High-Dose Erythropoietin Population Pharmacokinetics in Neonates with Hypoxic-Ischemic Encephalopathy Receiving Hypothermia

BACKGROUND: High-dose erythropoietin (Epo) is a promising neuroprotective treatment in neonates with hypoxic ischemic encephalopathy (HIE) receiving hypothermia. We evaluated the pharmacokinetics and dose-exposure relationships of high-dose Epo in this population to inform future dosing strategies. METHODS: We performed a population pharmacokinetic analysis of 47 neonates with HIE treated with hypothermia who received up to 6 doses of Epo in two previous clinical trials.

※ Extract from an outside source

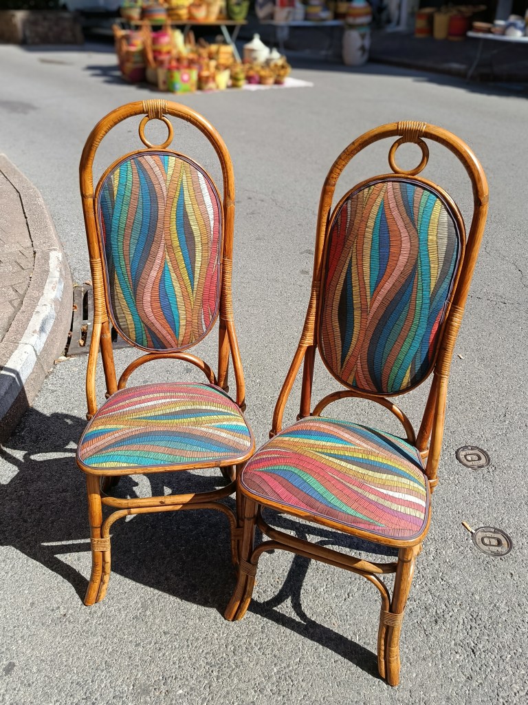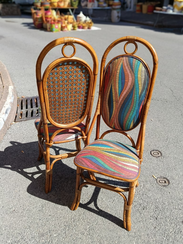Paire de chaises en rotin initialement en cannage que j’ai restaurée en garniture mousse tout en gardant le cannage pour le dossier extérieur.

We compared the ability of different dosing regimens to achieve the target neuroprotective Epo exposure levels determined from animal models of hypoxic-ischemia (i.e., area under the curve during the first 48 hours of treatment [AUC(48h)] 140,000 mU*h/ml). RESULTS: Birth weight scaled via allometry was a significant predictor of Epo clearance and volume of distribution (p<0.001). After accounting for birth weight, variation in Epo pharmacokinetics between neonates was low (CV% 20%). All 23 neonates who received 1000 U/kg every 24 h for the first 2 days of therapy achieved the target AUC(48h) 140,000 mU*h/ml. No neonate who received a lower dosing regimen achieved this target. CONCLUSIONS: In neonates with HIE receiving hypothermia, Epo 1000 U/kg every 24 hours for the first 2 days of therapy resulted in consistent achievement of target exposures associated with neuroprotection in animal models.